- Born: 7 March 1888 Alajuela, Costa Rica
- Died: 29 September 1956 (aged 68) San José, Costa Rica
- Other names: María Teresa Obregón, María Teresa Obregón de Dengo, María Teresa de Dengo
- Occupation(s): Educator, Politician
- Years active: 1906-1956
- Known for: One of the first three female Deputies in Costa Rica, co-founder of the National Liberation Party and teacher's association

= María Teresa Obregón Zamora =

Costa Rican politician

María Teresa Obregón Zamora (1888-1956) was a teacher, suffragist and politician in Costa Rica. She was part of the group that formed the Asociación Nacional de Educadores (ANDE) (National Association of Educators) and fought for women's enfranchisement. After winning the vote, she helped found the National Liberation Party of Costa Rica and was one of the first three women elected as a Deputy of the Legislative Assembly of Costa Rica. In 2002, Obregón was honored as one of the inaugural group of women inducted into La Galería de las Mujeres de Costa Rica (The Women's Gallery of Costa Rica).

==Early life==
María Teresa Obregón Zamora was born on 7 March 1888 in Alajuela, Costa Rica. Her parents were teachers and she was the niece of the educator and founder of the national library, Miguel Obregón Lizano. After completing her primary education at Escuela Central in Alajuela, Obregón attended the Colegio Superior de Señoritas, earning her teaching credentials in 1905.

==Career==
Obregón began teaching the following year at the Escuela Superior de Niñas N° 2 (Girl's High School #2), which later became Escuela Julia Lang (Julia Lang High School). She taught at the school until 1916 and the following year married the educator and intellectual Omar Dengo Guerrero, who was the first director of the country's Normal School. The couple had four children, Jorge Manuel, Omar, Gabriel and María Eugenia and raised them in the city of Heredia. Jorge (1918-2012) would become Vice President of Costa Rica, Gabriel (1922–1999) would become an acclaimed geologist and María Eugenia (1926-2014) became an educator, Minister of Education and Dean of the Education Faculty at the University of Costa Rica.

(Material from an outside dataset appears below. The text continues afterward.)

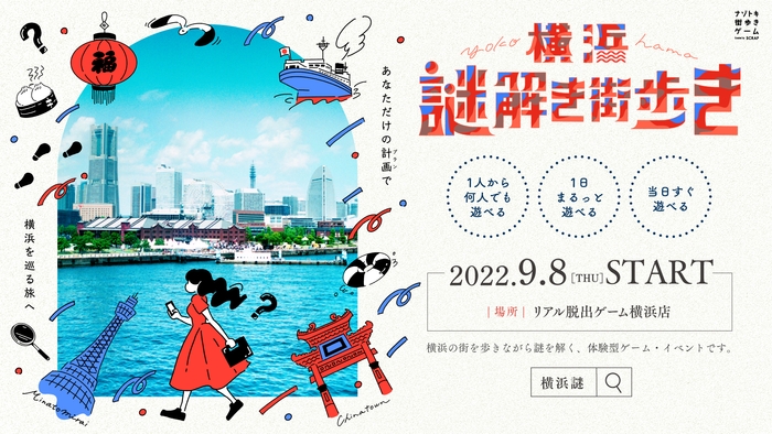 世界中で参加者を熱狂させる“リアル脱出ゲーム”を企画運営する、株式会社SCRAP(所在地:東京都渋谷区、代表者:加藤隆生)は横浜の街を歩きながら謎を解くナゾトキ街歩きゲーム『横浜謎解き街歩き』を2022年9月8日(木)より開催することを発表いたします。

During the early years Obregón was raising her family, she did not teach, but collaborated with her husband in literary and student magazines, such as Universo and Nosotros. Dengo died in 1928 and Obregón returned to teaching to support her family. She first taught elementary students at the Argentine School of Heredia and then in 1929 began teaching at the Normal School of Costa Rica, while she was studying for her examinations to become a professor. Passing the tests in 1932, Obregón became the geography and guidance professor at the Normal School. After four years of teaching at the Normal School, she moved to San José and taught at the Escuela República del Perú, where she remained until her retirement in 1941.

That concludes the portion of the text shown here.